WHAT TO WORK ON. Skip pictures in the listing below; copy exactly the lines from the one with "την αιγίδα Της." through the one with "Broek Colette Punta", inclusive.

RECORDS SUPPLIED.

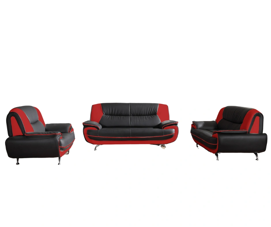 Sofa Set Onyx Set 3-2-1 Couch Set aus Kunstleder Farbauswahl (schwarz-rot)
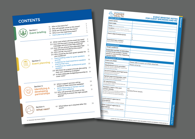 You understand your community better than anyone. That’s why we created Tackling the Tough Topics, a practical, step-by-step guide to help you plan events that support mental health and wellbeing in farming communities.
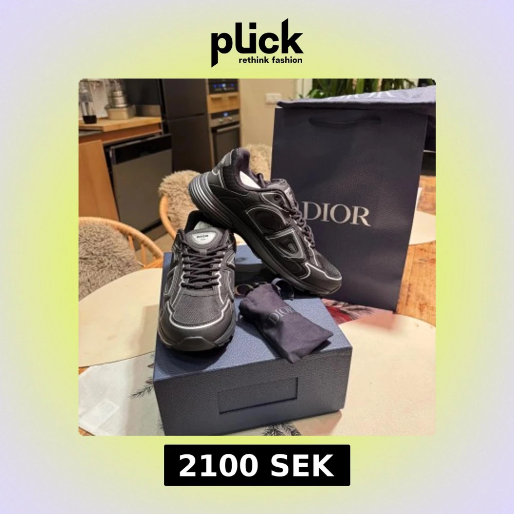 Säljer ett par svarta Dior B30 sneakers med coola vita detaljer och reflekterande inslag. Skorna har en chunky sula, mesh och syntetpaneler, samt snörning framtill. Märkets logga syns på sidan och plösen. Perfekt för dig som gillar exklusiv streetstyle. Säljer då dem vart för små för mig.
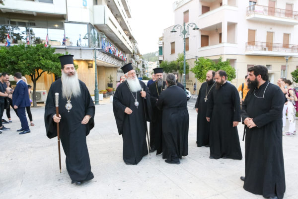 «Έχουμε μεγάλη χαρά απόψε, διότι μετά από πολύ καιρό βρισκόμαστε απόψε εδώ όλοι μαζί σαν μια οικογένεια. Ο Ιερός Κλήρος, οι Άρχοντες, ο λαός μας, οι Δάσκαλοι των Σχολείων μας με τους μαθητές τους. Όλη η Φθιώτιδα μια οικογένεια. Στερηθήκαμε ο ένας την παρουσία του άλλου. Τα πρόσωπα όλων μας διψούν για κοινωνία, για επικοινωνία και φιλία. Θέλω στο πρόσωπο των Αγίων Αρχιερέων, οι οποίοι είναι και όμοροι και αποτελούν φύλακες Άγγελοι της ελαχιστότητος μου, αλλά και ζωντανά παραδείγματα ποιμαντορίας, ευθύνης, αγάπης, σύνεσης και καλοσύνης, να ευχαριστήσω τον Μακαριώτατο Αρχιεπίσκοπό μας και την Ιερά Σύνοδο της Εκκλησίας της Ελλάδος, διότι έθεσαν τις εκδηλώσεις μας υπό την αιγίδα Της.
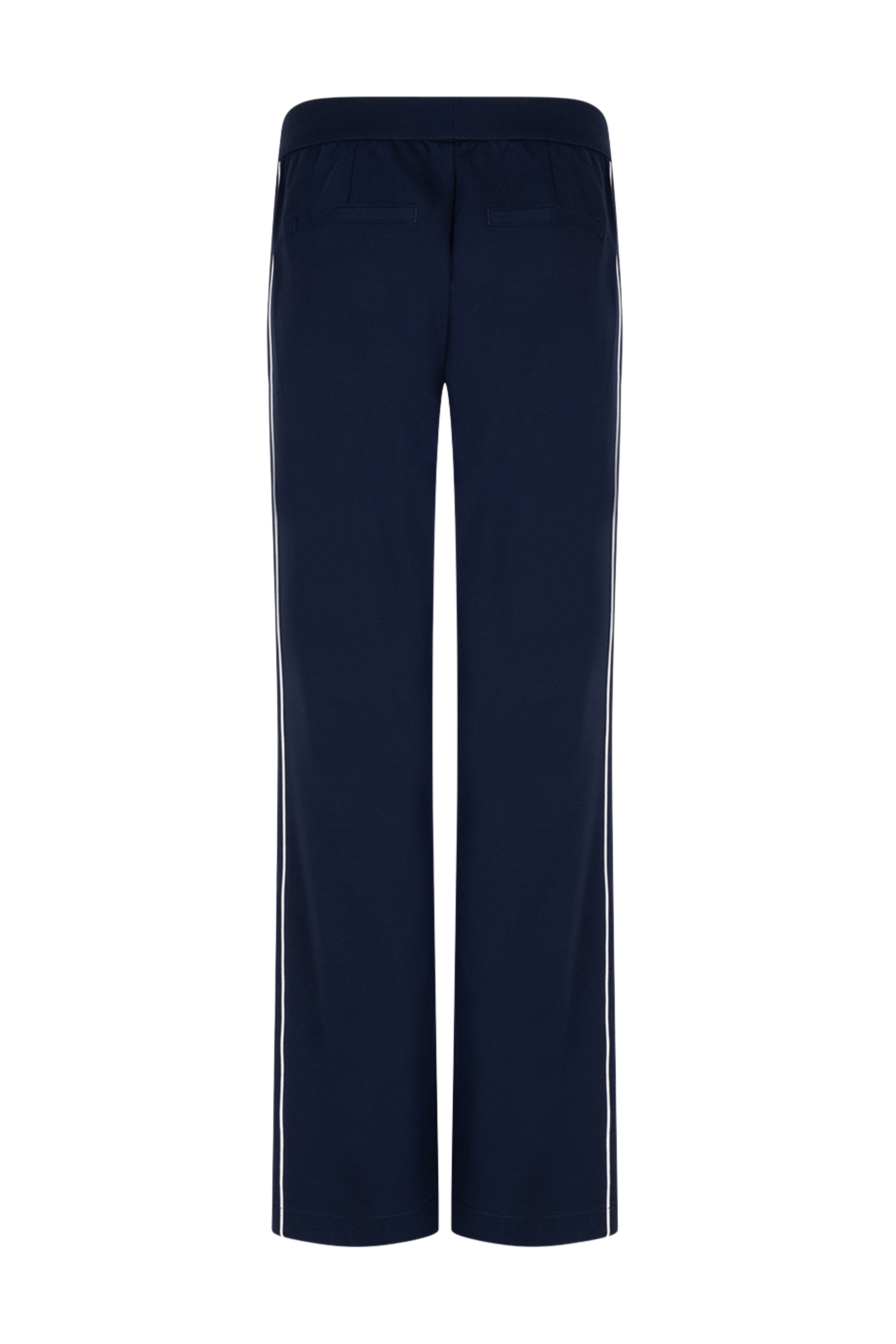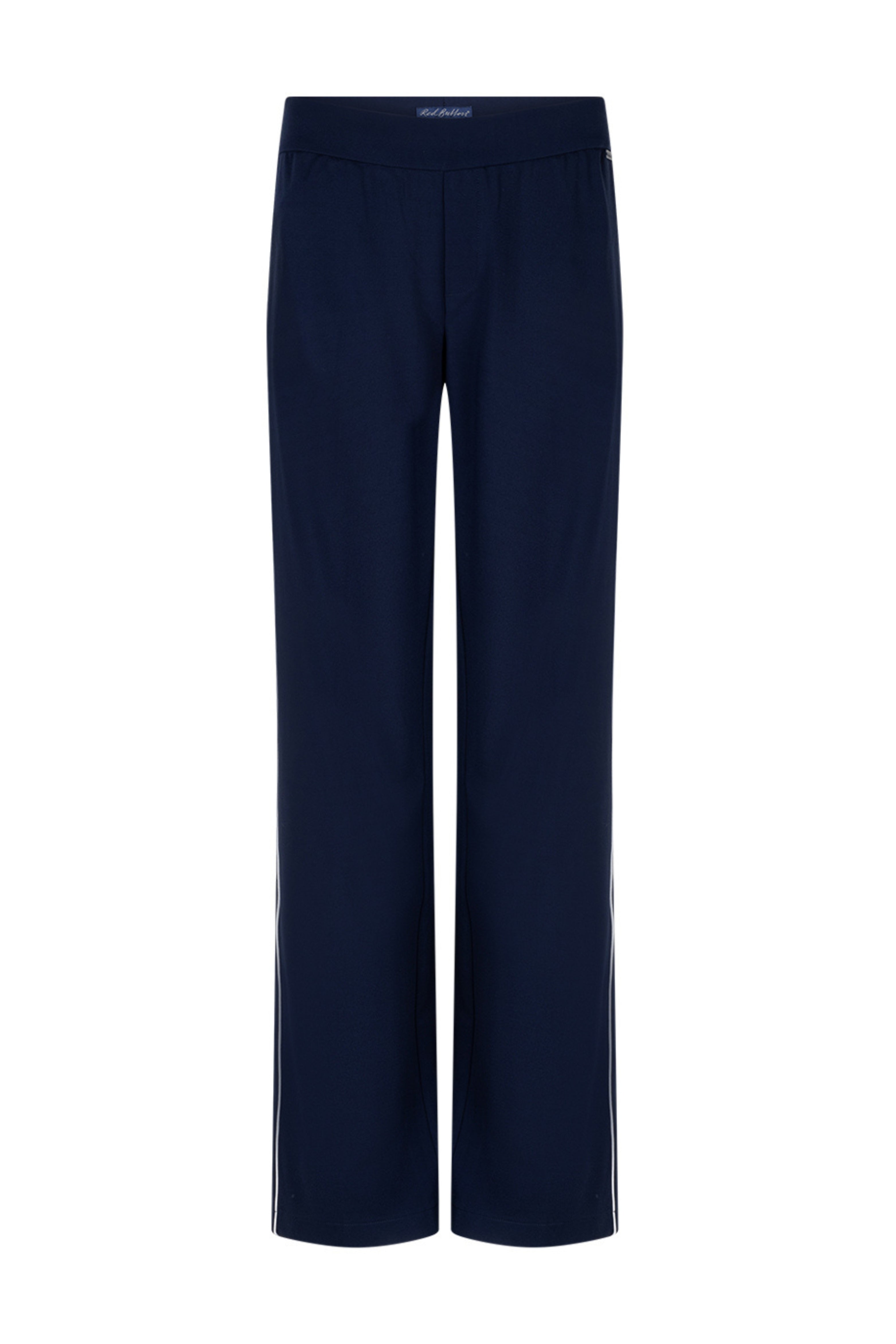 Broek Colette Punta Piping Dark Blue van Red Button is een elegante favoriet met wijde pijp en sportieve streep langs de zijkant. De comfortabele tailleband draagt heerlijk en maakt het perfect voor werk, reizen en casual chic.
==
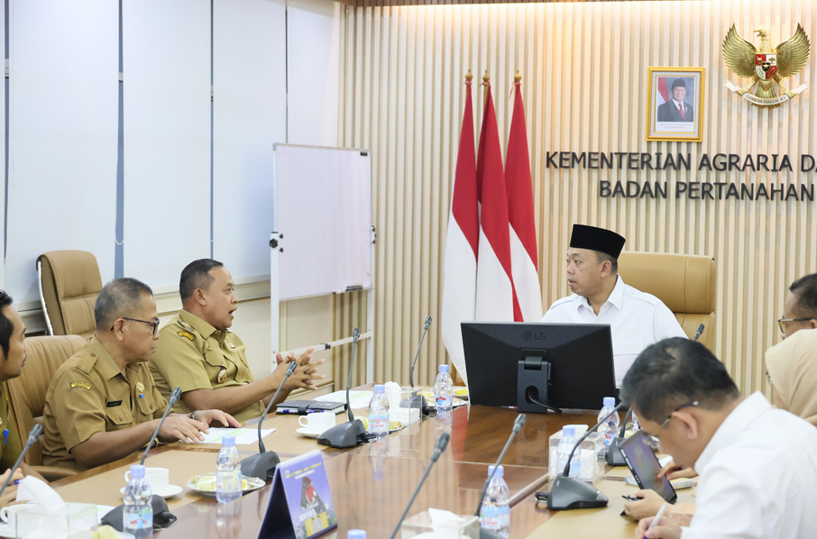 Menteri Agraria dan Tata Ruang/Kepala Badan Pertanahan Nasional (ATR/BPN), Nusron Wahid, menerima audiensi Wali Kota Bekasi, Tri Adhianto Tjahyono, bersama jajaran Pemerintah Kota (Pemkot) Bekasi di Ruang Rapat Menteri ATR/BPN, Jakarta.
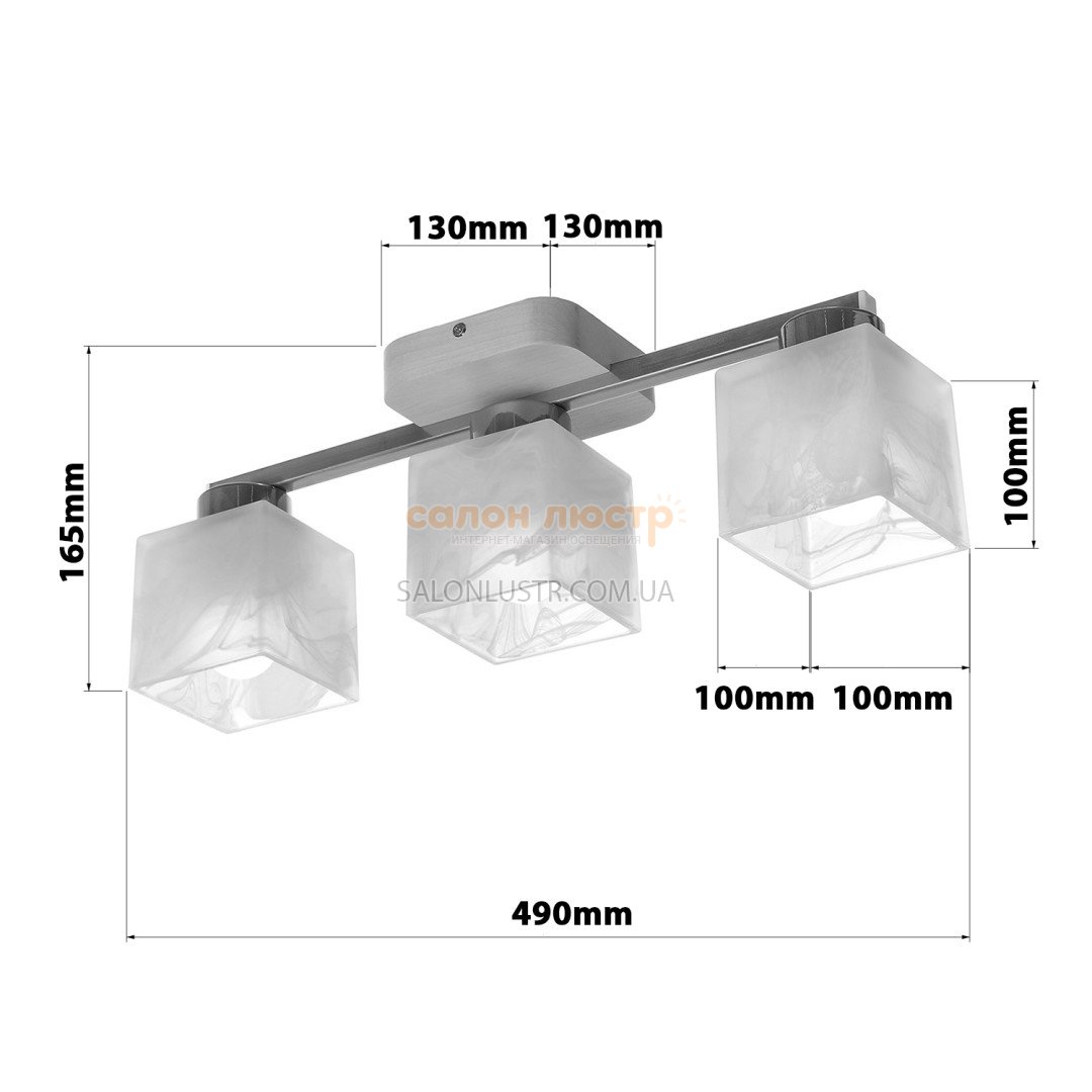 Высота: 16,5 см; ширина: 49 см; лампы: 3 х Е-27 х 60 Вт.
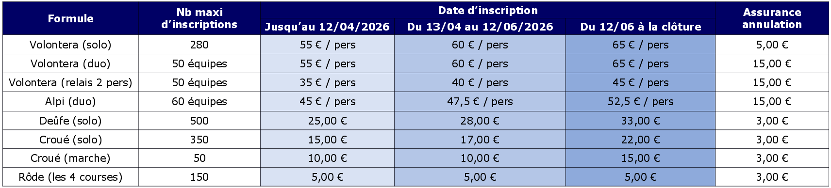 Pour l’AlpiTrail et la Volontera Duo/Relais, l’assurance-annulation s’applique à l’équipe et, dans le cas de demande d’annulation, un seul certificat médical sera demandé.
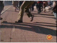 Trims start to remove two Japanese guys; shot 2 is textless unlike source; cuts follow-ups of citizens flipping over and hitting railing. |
==
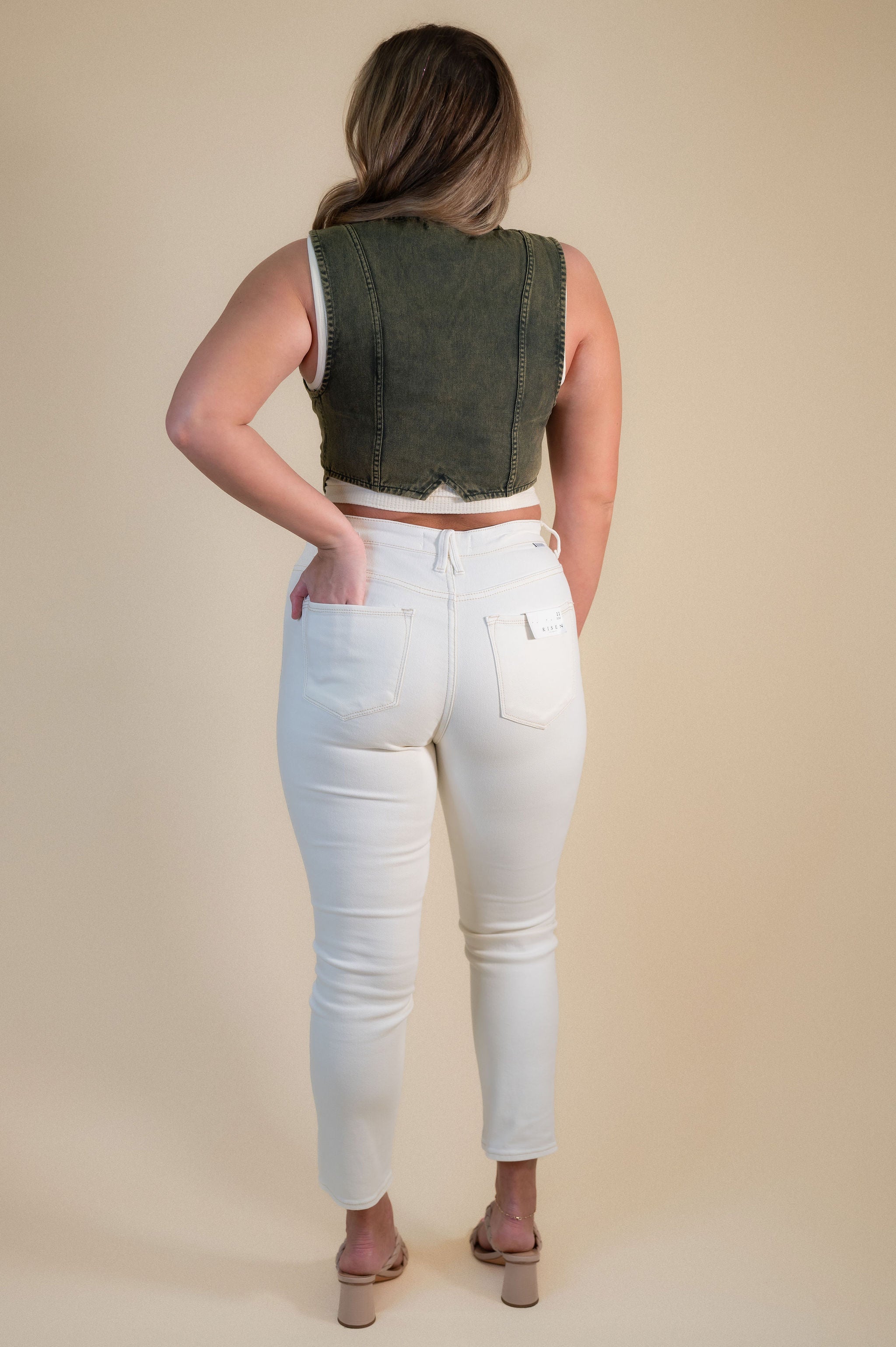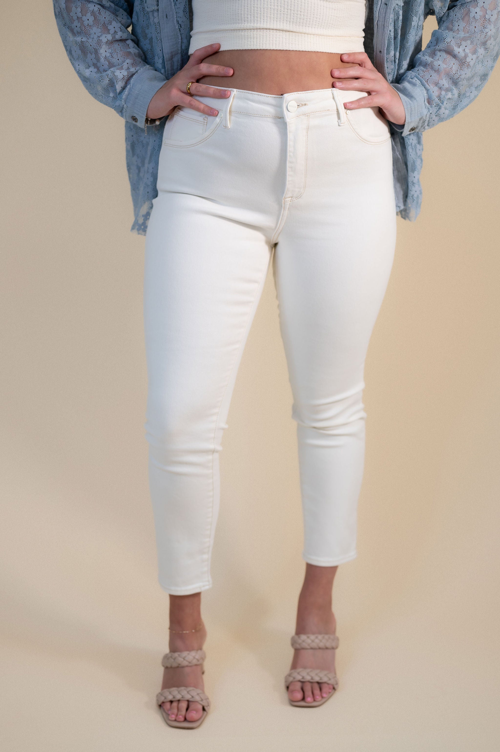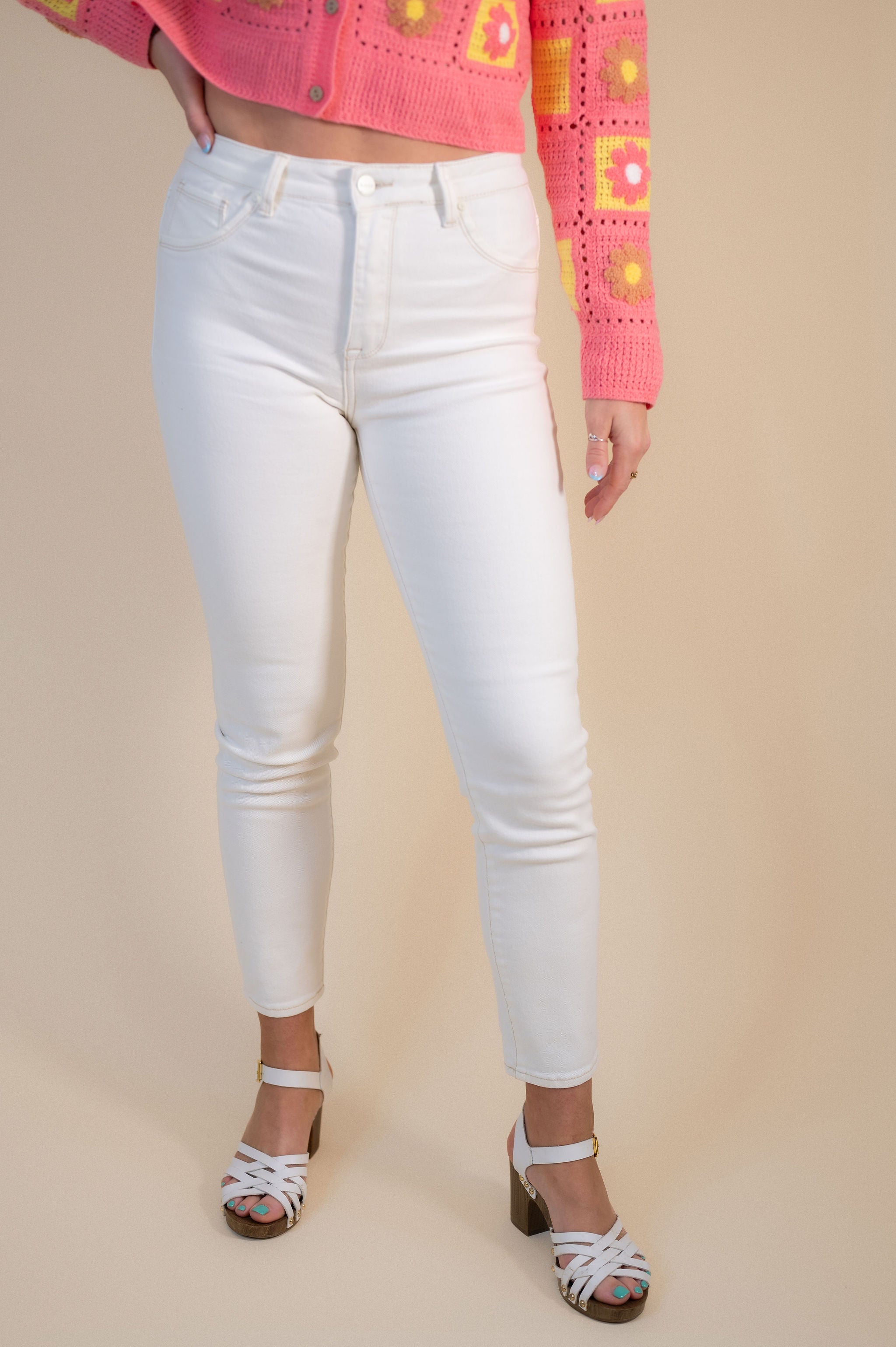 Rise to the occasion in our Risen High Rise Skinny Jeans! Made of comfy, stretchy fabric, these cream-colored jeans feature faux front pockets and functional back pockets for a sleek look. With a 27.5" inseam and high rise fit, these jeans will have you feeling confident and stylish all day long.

RESPONSE BELOW.
 «Έχουμε μεγάλη χαρά απόψε, διότι μετά από πολύ καιρό βρισκόμαστε απόψε εδώ όλοι μαζί σαν μια οικογένεια. Ο Ιερός Κλήρος, οι Άρχοντες, ο λαός μας, οι Δάσκαλοι των Σχολείων μας με τους μαθητές τους. Όλη η Φθιώτιδα μια οικογένεια. Στερηθήκαμε ο ένας την παρουσία του άλλου. Τα πρόσωπα όλων μας διψούν για κοινωνία, για επικοινωνία και φιλία. Θέλω στο πρόσωπο των Αγίων Αρχιερέων, οι οποίοι είναι και όμοροι και αποτελούν φύλακες Άγγελοι της ελαχιστότητος μου, αλλά και ζωντανά παραδείγματα ποιμαντορίας, ευθύνης, αγάπης, σύνεσης και καλοσύνης, να ευχαριστήσω τον Μακαριώτατο Αρχιεπίσκοπό μας και την Ιερά Σύνοδο της Εκκλησίας της Ελλάδος, διότι έθεσαν τις εκδηλώσεις μας υπό την αιγίδα Της.
 Broek Colette Punta Piping Dark Blue van Red Button is een elegante favoriet met wijde pijp en sportieve streep langs de zijkant. De comfortabele tailleband draagt heerlijk en maakt het perfect voor werk, reizen en casual chic.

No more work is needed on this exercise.